Heidy Kikillus won a 2014 conservation innovation award for her Cat Tracker research project (c) WWF 2015
The search is on for new ideas that will enhance the conservation effort in New Zealand.
With WWF’s Conservation Innovation Awards now open for a second year, the nationwide quest for the next big thing in environmental protection runs until Friday 2nd October 2015.
Kiwi innovators from all walks of life—from research labs to garden slider shed options
and everywhere in-between—are encouraged to apply their creativity and come up with new tools, gadgets and concepts to aid the work of frontline conservation volunteers throughout the country.
Designed to help innovators fast-track their ideas to development, the awards fall into three categories—product, community project and research—and offer $25,000 prize money to each category winner.

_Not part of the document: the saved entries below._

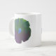 Cette énorme tasse présente une photo d'une fleur de pétunia qui a été manipulée pour rendre le centre de la fleur bleu. Le reste de la fleur a des teintes violettes, vertes et bleues, ce qui lui donne l'apparence d'une fleur arc-en-ciel grungy.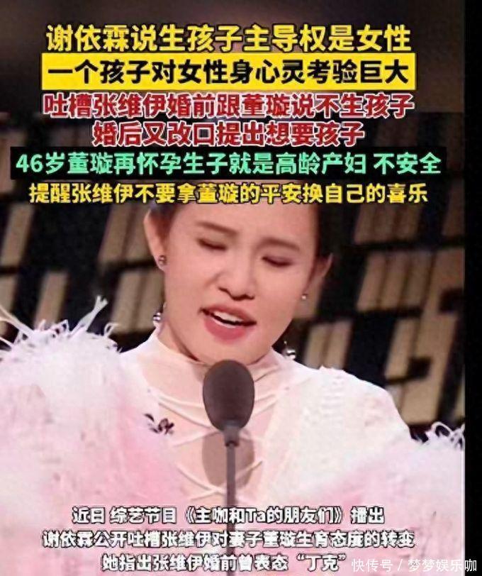 近日,在一档综艺节目中,女星谢依霖公开吐槽刚刚新婚不久的张维伊,也就是董璇的二婚丈夫,不满其婚前婚后两个样子,婚前他表示自己是“丁克”,不要孩子,婚后却在节目中给董璇施压,希望拥有两人共同孩子。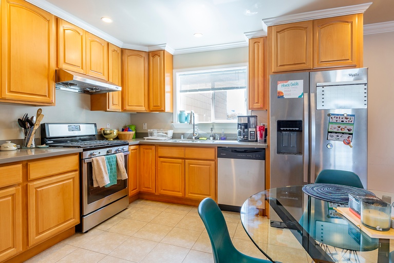 The kitchen offers ample space for meal preparation and is well-equipped with cookware and stainless steel appliances. There is also a four-seat dining table, ideal for enjoying meals and chatting with housemates.

Entry this year is via a new crowdsourcing website. To take advantage of this, entrants need to submit their ideas as soon as they can at wwf.org.nz/innovation
Lee Barry, WWF’s Conservation Innovation Awards Coordinator, explains: “Entries are posted onto the crowdsourcing platform, registered site users then comment and feedback on the ideas. Entrants can then take these comments on board and refine their submissions.
“The power of the crowd is gaining momentum and for the Conservation Innovation Awards this collective approach means that ideas for furthering conservation work, which will ultimately benefit all New Zealanders, can be fine-tuned to their full potential.”
Entries will be judged by an independent panel which will look for entries that have practical application and clear benefit for grass roots conservation groups. Judges include Silicon Valley entrepreneur Matthew Monahan and conservation visionary Devon McLean.
Last year’s award winning ideas included: Trap Minder – a mobile phone predator alert; Cat Tracker– a research tool enabling owners to monitor their behaviour and impact on wildlife; Energise Otaki – a community-wide initiative to reduce the town’s emissions and promote renewable energy.